Hiermit gestehe ich meine Kapitulation ein. „Du bist ja nicht bei facebook!“ Dass ich diesem Verein nun doch beitrete, hat nichts damit zu tun, dass ich diesen Vorwurf nicht mehr hören kann. Nein, liebe echte Freunde, ich möchte Euren digitalen Lebenszeichen nicht mehr Aufmerksamkeit widmen und Euch weiterhin lieber sprechen und sehen, am liebsten live und in Farbe.
Der Grund liegt vielmehr darin, dass ich mich nicht mehr des Eindrucks erwehren kann, publizistisch nicht existent zu sein, wenn ich nicht auf facebook mitspiele. Ich bekenne: Auch mir geht es um Aufmerksamkeit. Ich würde mich freuen, wenn mehr Menschen meine bytheway-Kolumne auf www.berttewildt.com lesen würden. Dieser Text hier ist eine davon.

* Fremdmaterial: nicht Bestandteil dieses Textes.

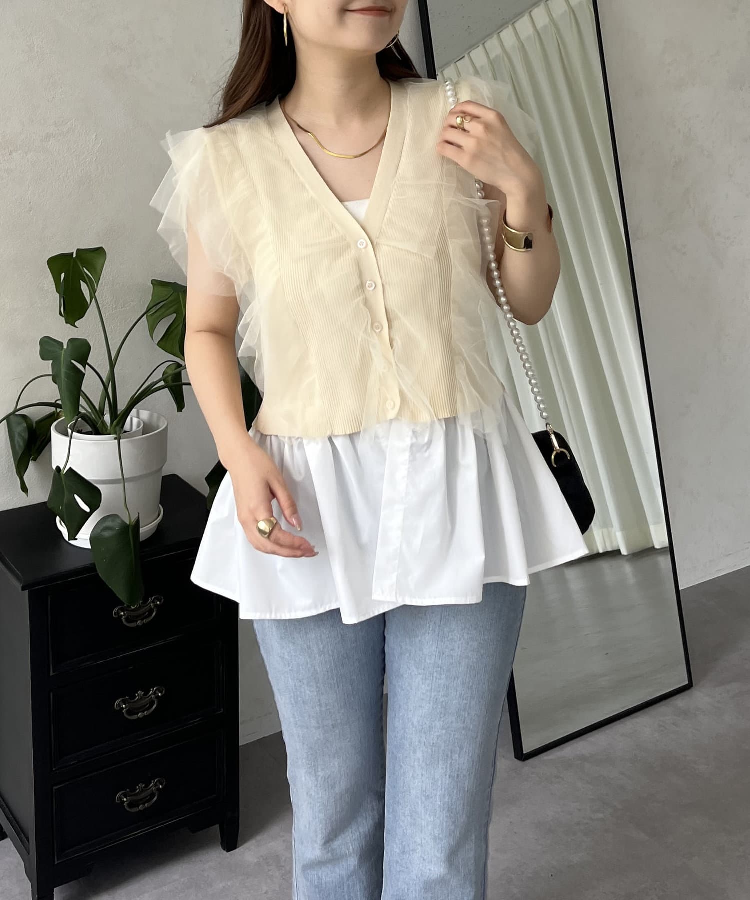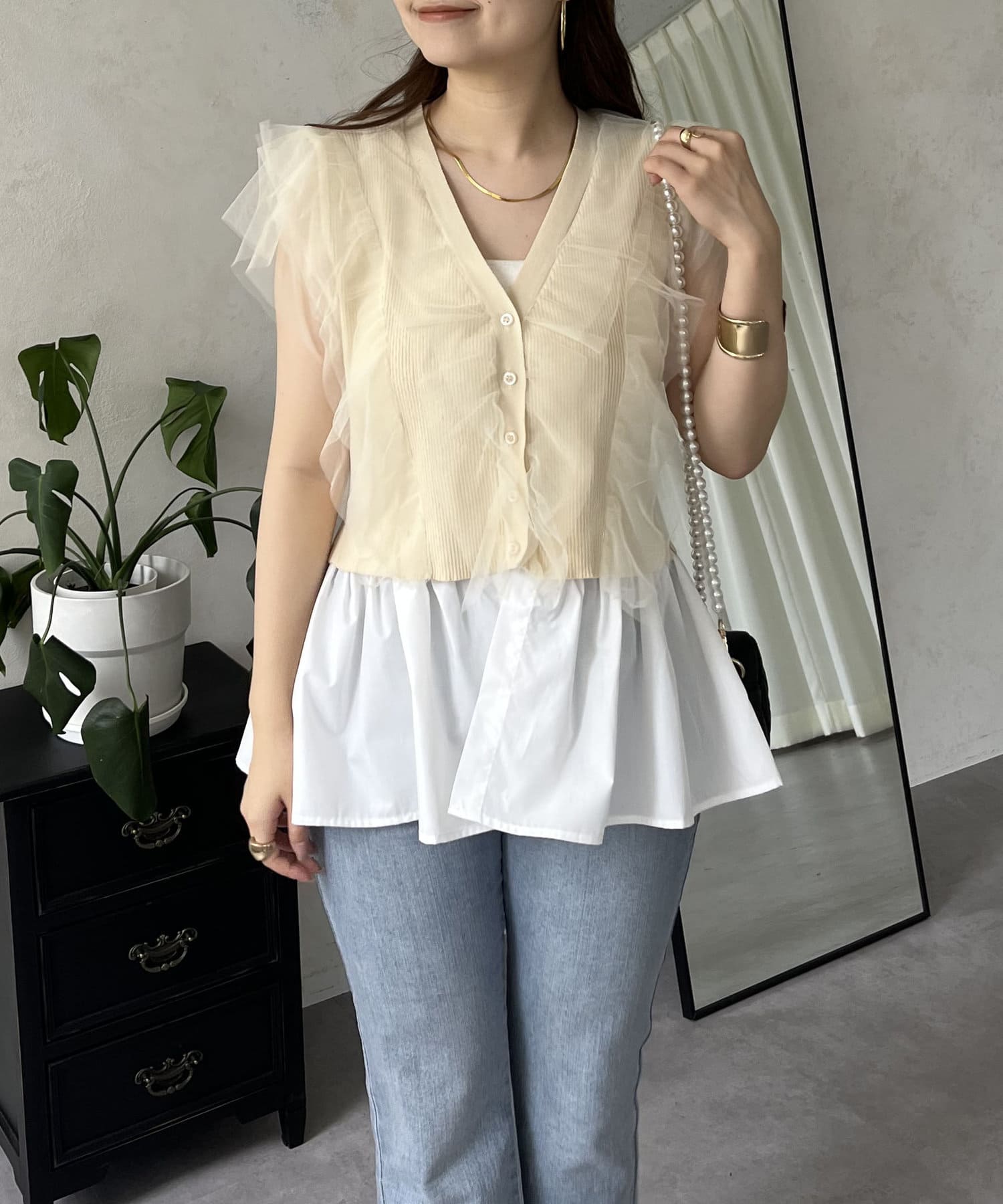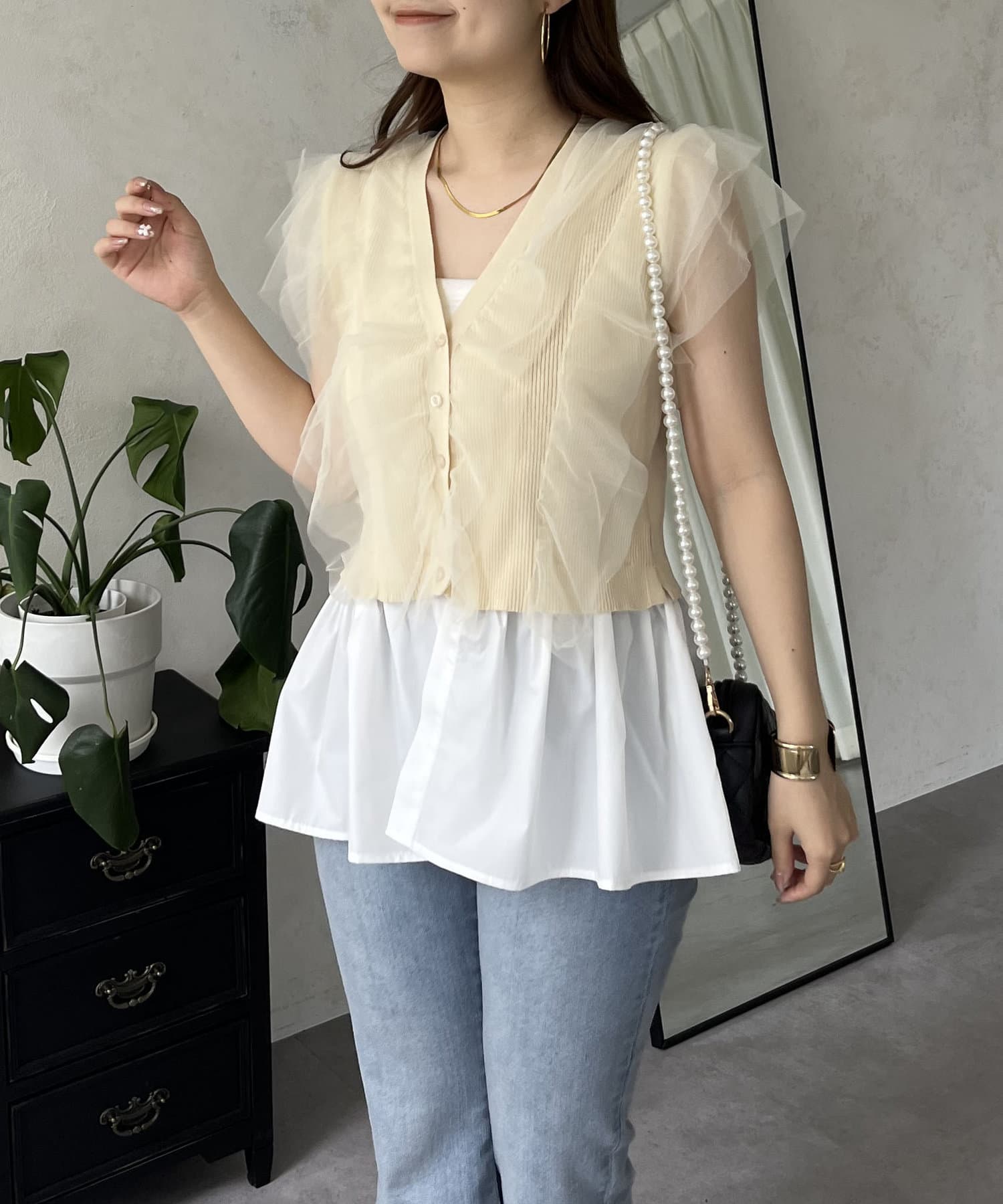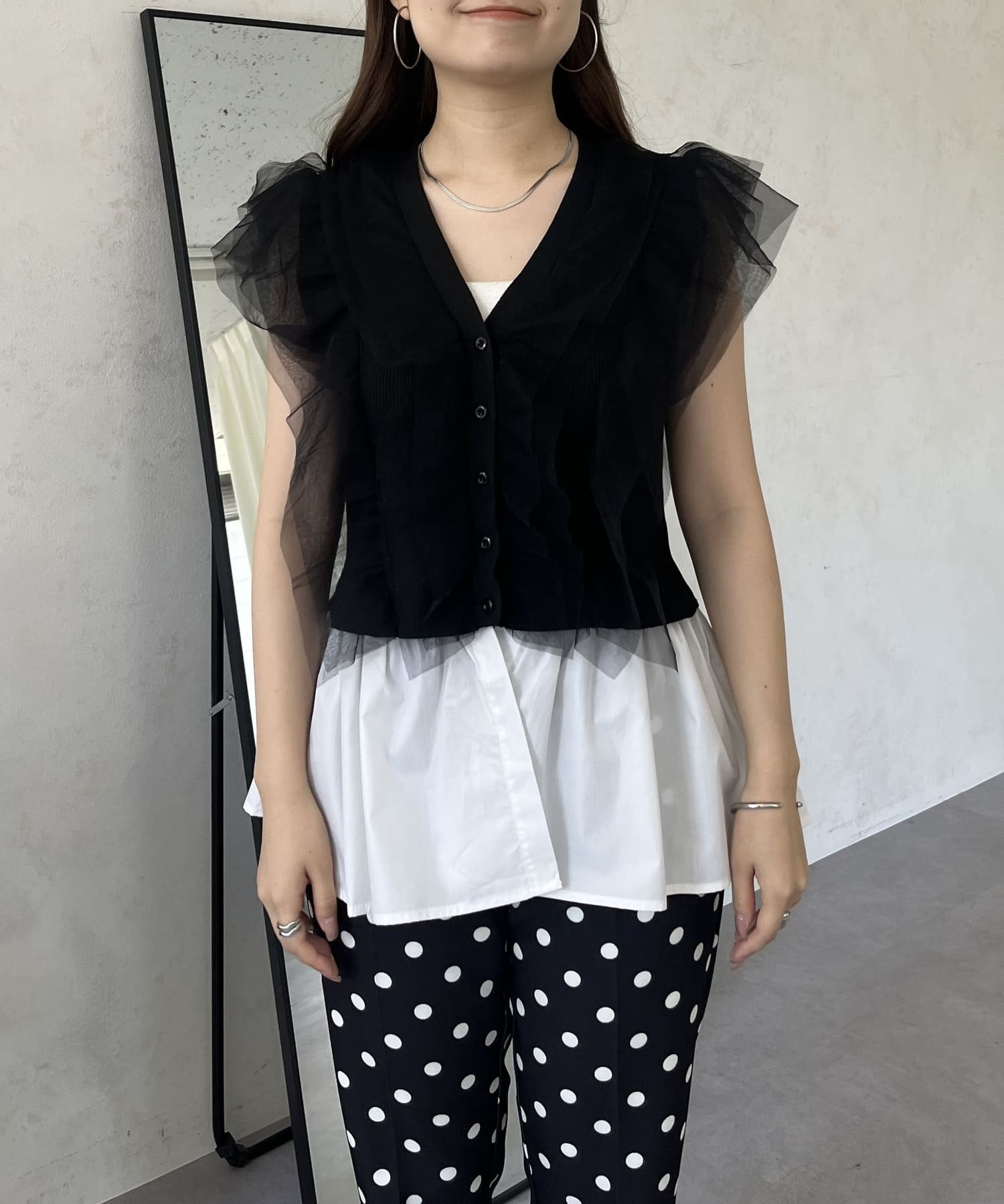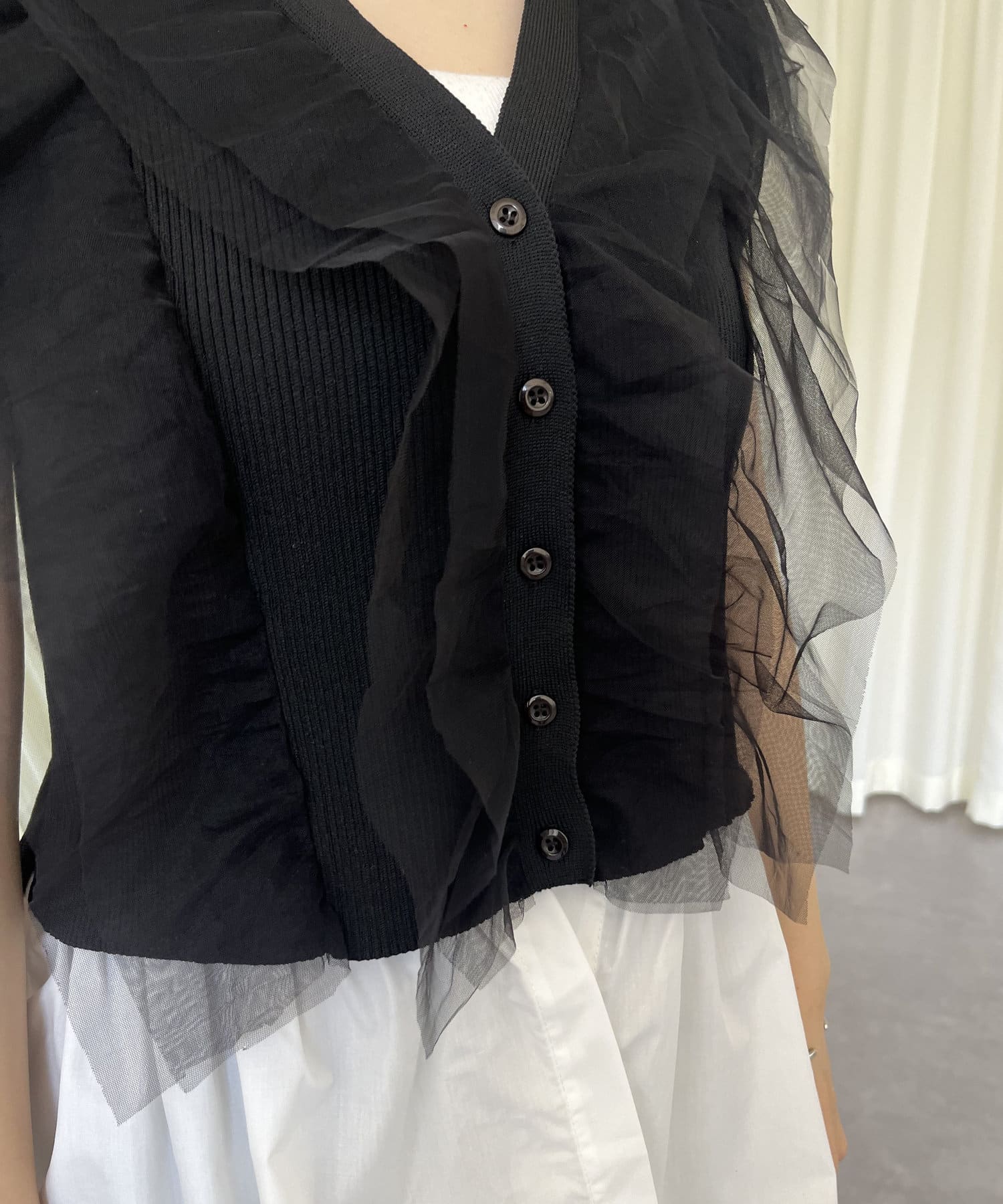 【裾取り外し可能】2wayチュールドッキングペプラムカーディガン

Wenngleich ich die Idee der sozialen Netzwerke im Prinzip großartig finde, bleiben meine grundsätzlichen Vorbehalte bestehen. Gute Gründe, sich von facebook fernzuhalten gibt es nach wie vor viele:

 

Erstens kümmert sich facebook nicht genug um die Spielregeln, die eine demokratische Meinungsfreiheit bedingen. Das Netzwerk übernimmt zu wenig Verantwortung, sei es für die darin verbreitete Hetze radikaler Mobs oder im Hinblick auf das Nachgeben gegenüber Geheimdiensten und Diktaturen.

 

Dies liegt daran, dass dieses Netzwerk zweitens zu allererst wirtschaftlichen Interessen dient, während es vorgibt, es ginge ihm in erster Linie um Völkerverständigung, Demokratie und Aufklärung. Indem wir uns ihm mit unseren Daten feilbieten, zahlen wir einen Preis, dessen Höhe wir noch gar nicht abschätzen können. Im Wettstreit mit Google gipfelt der Monopolismus von facebook derzeit in dem Versuch, zum Netz schlechthin zu werden, ein letztlich imperialistischer Gestus, in letzter Konsequenz ein Wettlauf um die Weltherrschaft.

 

Im Zuge dieser Entwicklung macht uns facebook drittens mit der Währung Aufmerksamkeit und unter Arrosion des Freundschaftsbegriffs zu seinen Komplizen. Für das Versprechen, dass sich immer ein paar vermeintliche Freunde finden, die unseren digitalen Entäußerungen viele Momente lang zuhören und zuschauen, bezahlen wir mit unser Lebenszeit in unmittelbarer Begegnung und Gemeinschaft. Am Ende sind alle nur noch auf Sendung, keiner mehr im Dialog.

 

Inkonsequenterweise gehe ich hier nun auch auf Sendung. Es geht dabei nicht um eine persönliche Selbstvermarktung, zugegebenermaßen aber um ein Marketing-Instrument. Nicht mehr und nicht weniger soll das hier für mich sein. Das gehört zu meiner Arbeit, die unter anderem eben auch darin besteht, sich kritisch mit dem Internet und seinen Derivaten ins Benehmen zu setzen. Dass ich auf facebook gegen facebook anschreiben kann, spricht allerdings für facebook.

 

Man möge es mir nachsehen, dass ich facebook nun trotz allem für mindestens ein Jahr lang ausprobieren werde. Als jemand, der eben auch ‚was mit Medien macht, habe ich auch noch für die schlimmsten medialen Auswüchse die Ausrede, dass ich doch kennen muss, worüber ich schreibe.

 

Nur es denke bitte niemand, dass es auf meiner facebook-Seite irgendetwas mit demjenigen zu tun hat, was mir wirklich hoch und heilig ist: Freundschaft. – Meine echten Freunde, Ihr wisst, wie und wo Ihr mich ansprechen, finden und treffen könnt. Im Zweifelsfall auch bei www.ello.co, das Netzwerk, dem ich persönlich vertraue.